We provide a lower bound showing that the $O(1/k)$ convergence rate of the NoLips method (a.k.a. Bregman Gradient) is optimal for the class of functions satisfying the $h$-smoothness assumption. This assumption, also known as relative smoothness, appeared in the recent developments around the Bregman Gradient method, where acceleration remained an open issue.

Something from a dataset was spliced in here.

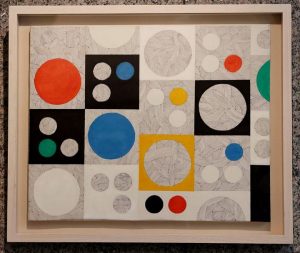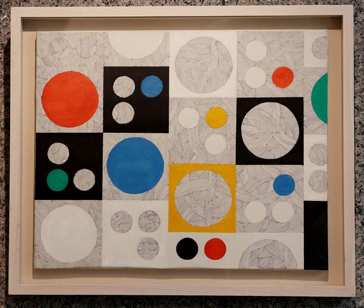 香川さんは、広島大教育学部で美術を学んだ後、教壇に立ちながら活動。一貫して抽象表現を追い求めた。今回展示する「Work2016―01」(2016年)は、丸と四角、直線で構成。赤、黄、青といった鮮やかな色面に描く喜びが息づき、背景に描き込んだ細やかな模様に繊細さがのぞく。

On the way, we show how to constructively obtain the corresponding worst-case functions by extending the computer-assisted performance estimation framework of Drori and Teboulle (Mathematical Programming, 2014) to Bregman first-order methods, and to handle the classes of differentiable and strictly convex functions.

翻译：我们提供了一个较低的约束值,显示诺利普斯法(a.k.a.b.bregman Gradient)的1美元(1/k)美元趋同率对于满足美元和吸附率假设的功能类别来说是最佳的,这一假设也称为相对顺畅,出现在布雷格曼梯度法的最近发展动态中,加速率仍然是尚未解决的问题。在路上,我们展示了如何通过将德罗里和泰布勒(2014年数学规划)计算机辅助性业绩估计框架扩大到布雷格曼第一阶法,并处理不同和严格交错功能的类别,从而建设性地获得相应的最坏功能。